In the Pacific Ocean, multiple islands have already shrunk or disappeared entirely.

5. Coral Reefs Died Across the World

The worst coral bleaching event in recorded history lasted from 2014 to 2017, damaging reefs across the globe. The event “affected more reefs than any previous global bleaching event," according to a Coral Reef Watch report, and it was especially bad in places like the Great Barrier Reef, Kiribati, and Jarvis Island. Only two other global events had struck corals previously, in 1998 and 2010.

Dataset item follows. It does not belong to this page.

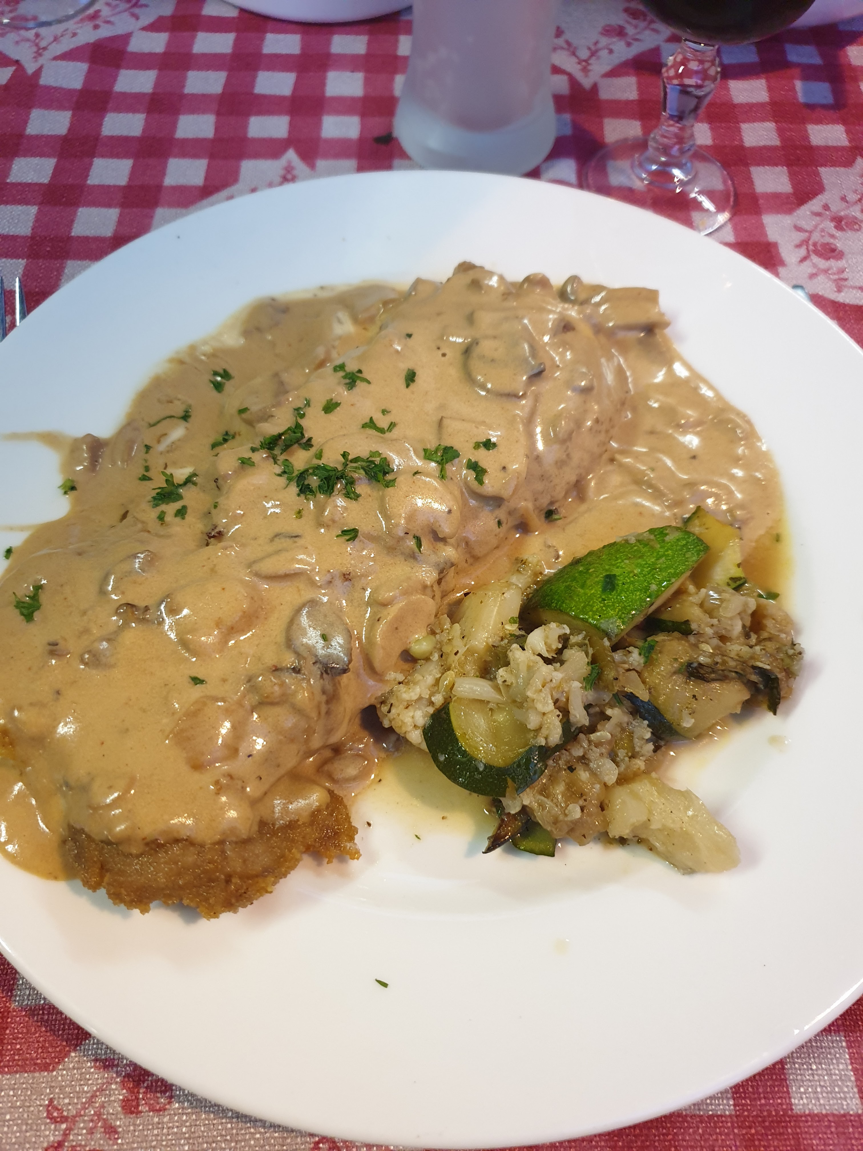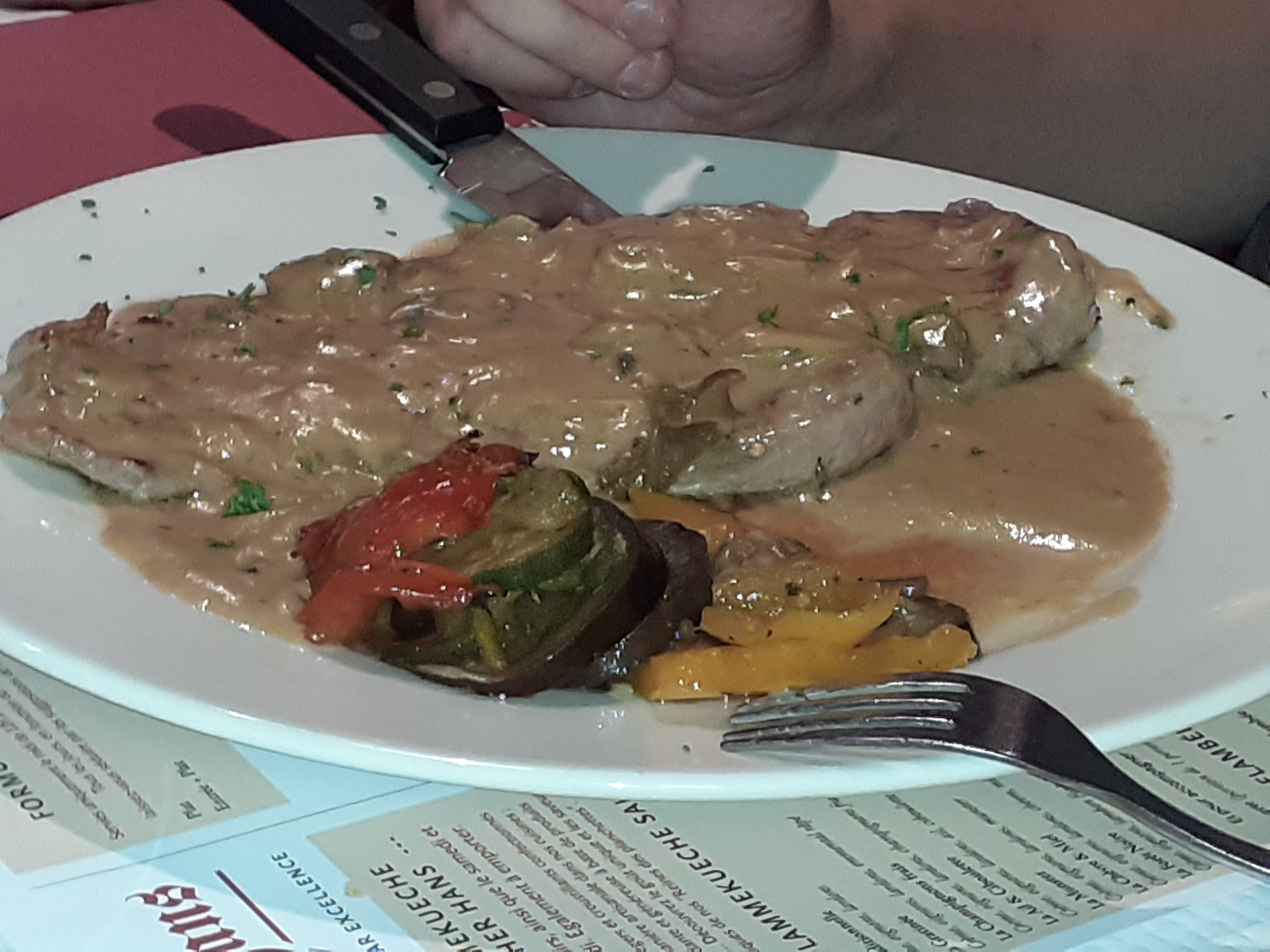 Accueil et service sympathiques. Repas bon. Plat du jour cordon bleu de porc avec ou sans sauce aux champignons et frites : bon. Service du plat du jour rapide Rapport qualité prix excellent. A conseiller.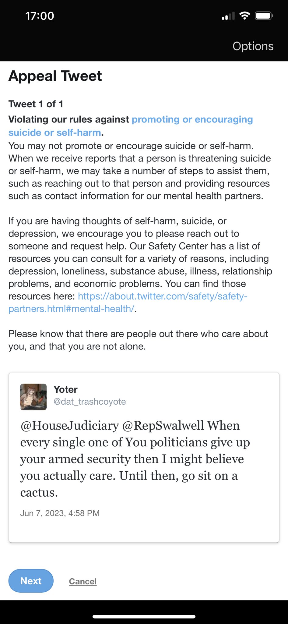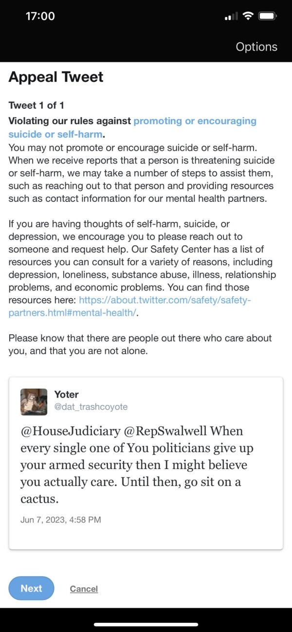 X censors user for post about gun control: An X user shared a screenshot of the user's censorship notice. The user had posted "@HouseJudiciary @RepSwalwell When every single one of You politicians give up your armed security then I might believe you actually care. Until then, go sit on a cactus." X claimed the post violated its "rules against promoting or encouraging suicide or self-harm." The user's account was locked until the post was removed.

For coral reef expert Kim Cobb of Georgia Institute of Technology, “2016 jumps off the page.” That was the year she arrived at the Kiritimati coral reefs, her longtime research site, to find a lot of dead coral.

The Great Barrier Reef, the world’s largest and longest coral reef, lost about half its coral following unrelenting warm waters in 2016 and 2017.

6. Disasters Got Even More Disastrous

This decade is when the number of billion-dollar disasters in the US reached a new high, as more natural disasters than ever hit the country.

This was the decade of Hurricane Sandy, which brought the country’s largest city to a standstill in 2012 (and the iconic Bloomberg Businessweek magazine cover: “It’s Global Warming, Stupid”), Hurricane Harvey and its historic levels of rainfall to Texas in 2017, Hurricane Maria’s strike in Puerto Rico in 2017 that led to the nation’s largest power outage, and some of the biggest and deadliest wildfires in California’s history.

Outside the US, Typhoon Haiyan killed thousands of people in the Philippines in 2013. It was one of the strongest storms ever to make landfall. Just this year, Japan was slammed by one of the strongest typhoons in decades, Europe experienced a record-breaking heat wave, a severe drought left millions hungry in Southern Africa, and bushfires blanketed Australia with smoke. Meanwhile, extreme rain events are on the rise in India.

At the beginning of the century, scientists were only just starting to link climate change to individual disasters, mostly to droughts and heat waves. Now there’s a burgeoning field called “attribution science,” allowing scientists to increasingly identify how climate change contributes to certain disasters.